Minister of Environment Government of Karnataka
- In office 12 July 2012 – 13 May 2013
- Chief Minister: Jagadish Shettar
- Preceded by: J. Krishna Palemar
- Succeeded by: Ramanath Rai

Minister of Sericulture Government of Karnataka
- In office 25 January 2007 – 8 October 2007
- Chief Minister: H. D. Kumaraswamy
- Preceded by: Ramachandra Gowda
- Succeeded by: Venkataramanappa

Member of Karnataka Legislative Assembly
- In office 2008–2013
- Preceded by: Constituency created
- Succeeded by: Rafeeq Ahmed
- Constituency: Tumkur City
- In office 1994–2007
- Preceded by: S Shafi Ahmed
- Succeeded by: Constituency ceased to exist
- Constituency: Tumkur

Personal details
- Political party: Bharatiya Janata Party

= Sogadu Shivanna =

Indian politician

Sogadu Shivanna is a senior politician associated with Bharatiya Janata Party, Karnataka.
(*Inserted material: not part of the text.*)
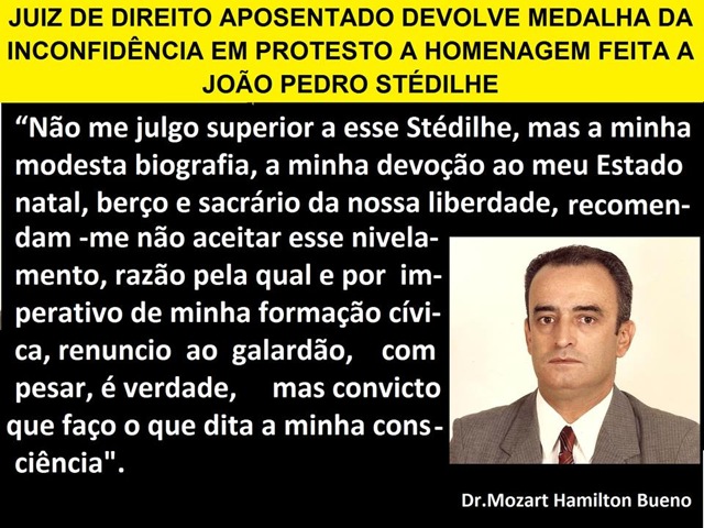 DEVOLUÇÃO DE MEDALHA DA INCONFIDÊNCIA |

He has served as Minister of Environment under Jagadish Shettar and as Minister of Sericulture under H. D. Kumaraswamy.

== Political career ==
Shivanna contested 1994 Karnataka Assembly election on a BJP ticket from Tumkur City and defeated the sitting MLA S. Shafi Ahmed of Congress by a margin of 9104 votes. He went on to retain the seat in 1999 & 2004 election. He was inducted as a Minister in the Kumaraswamy cabinet which was supported by the BJP on 25 January 2007 and was allotted the Sericulture Department. In 2008 election, he managed to retain seat. In July 2012 he was inducted into the cabinet of Jagadish Shettar and was allotted Environment portfolio. He however lost 2013 election to the Congress candidate Dr Rafeeq Ahmed. In 2018 election he was denied ticket from Tumkur City in favour of G.B. Jyoti Ganesh at the behest of Yediyurappa since Shivanna did not join the KJP when it was formed by Yediyurappa.